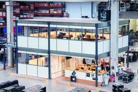 Zusätzlich bieten wir Ihnen ein breites Zubehörprogramm an. Mit den unterschiedlichen Bauformen von Treppen, Übergabeplätzen, Geländern, Auskragungen und Anfahrschutzen für die Ständer der Bühne können Sie alle notwendigen Sicherheitsmaßnahmen erfüllen, um Material oder Personenschäden präventiv zu vermeiden. Sollten Sie zudem unter bzw. auf der Lagerbühne mit Regalen planen, können wir diese gerne mit anbieten bzw. auch in die Planung mit einfließen lassen.
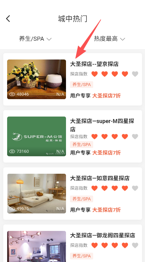1、提供探店列表查看功能,进入首页城中热门板块,查看养生/SPA类等本地探店信息列表内容。
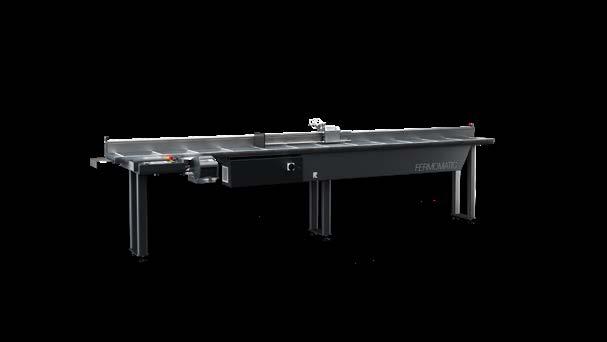 Doppelgehrungssäge mit automatischer Verfahrbewegung des beweglichen Sägeaggregats über einen von einer numerischen Steuerung gesteuerten Brushless-Motor. Pneumatisch gesteuerte Neigung der Sägeaggregate von 90° auf 22°30’ (nach außen) auf zwei festen Positionen oder mit einem optionalen mechanischem Einstellsystem der Zwischenwinkel. Auslegung für Industry 4.0.
+-------+
• _Exercise goal_:
Nothing but the lines from the first line of the data through the line with "1、提供探店列表查看功能,进" belongs in the answer, copied exactly and without pictures.

• _Solution for this task_:
 Zusätzlich bieten wir Ihnen ein breites Zubehörprogramm an. Mit den unterschiedlichen Bauformen von Treppen, Übergabeplätzen, Geländern, Auskragungen und Anfahrschutzen für die Ständer der Bühne können Sie alle notwendigen Sicherheitsmaßnahmen erfüllen, um Material oder Personenschäden präventiv zu vermeiden. Sollten Sie zudem unter bzw. auf der Lagerbühne mit Regalen planen, können wir diese gerne mit anbieten bzw. auch in die Planung mit einfließen lassen.
1、提供探店列表查看功能,进入首页城中热门板块,查看养生/SPA类等本地探店信息列表内容。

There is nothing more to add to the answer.